In 1969, Riney and lifelong friend Dick Snider wrote and directed Somebody's Waiting, a documentary about patients at a Sonoma County mental hospital. The film, shot in their spare time, was nominated for an Academy Award that year.
After a stint as creative director of the Botsford Ketchum agency, Riney opened the San Francisco office of Ogilvy & Mather in 1976.
Following a successful celebratory campaign for Gallo Wines, Riney worked directly for Ernest Gallo in the creation of Bartles & Jaymes Wine Coolers. He named the brand and, with art director Jerry Andelin, designed the packaging and shot innovative TV commercials with two fictitious entrepreneurs who had allegedly invented the product.

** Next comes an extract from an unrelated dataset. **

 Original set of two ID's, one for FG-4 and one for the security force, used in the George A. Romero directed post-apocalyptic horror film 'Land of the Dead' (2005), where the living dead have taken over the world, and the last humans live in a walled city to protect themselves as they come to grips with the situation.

The campaign was an evocation of Riney's lifelong distrust of business school culture. ("The best thing to do with an MBA," he once said, "is to take it out and get it drunk.") The two main characters said they'd learned how to start a business with the help of a mail-order course from Harvard, and spoofed market research in wry dialogue: "Ed has engaged in a scientific program to determine which foods go well with wine coolers," said Bartles. "So far Ed has only found two foods which don't: kohlrabi, which is a vegetable sort of like a turnip, and candy corn."
In l984, Riney joined Reagan's so-called Tuesday Team, a gathering of campaign professionals put together to re-elect the president. He created a TV campaign that depicted a happy, contented, safe America, and asked why we'd ever want to return to the days before Reagan's tenure.
The following year, Riney purchased the O&M office and renamed it Hal Riney & Partners. Shortly thereafter, the agency worked on the introduction of General Motors' Saturn brand. It was the most successful new model launch in GM history.
The agency went on to create campaigns for John Deere, Alamo, Blue Cross and Dreyer's Ice Cream. In 2003, the shop was sold to Publicis Groupe and renamed Publicis & Hal Riney. Its founder stepped down, taking the title of chairman emeritus.
An avid outdoorsman, Riney traveled to far-flung parts of Norway, Alaska, the Western states and Honduras. "Why I prefer fly-fishing, and being alone on a river to almost any other recreation," he said, "is because it's so much the opposite of what I have to do, day in and day out."
On a trip to Honduras in 1982, Riney's Sahsa Air Lines flight was hijacked on the runway in Tegucigalpa. Honduran rebels with semi-automatic pistols and bombs rigged with dynamite held the plane for a full day until, sensing a moment of inattention, Riney opened a plane door and leaped to safety with several other passengers.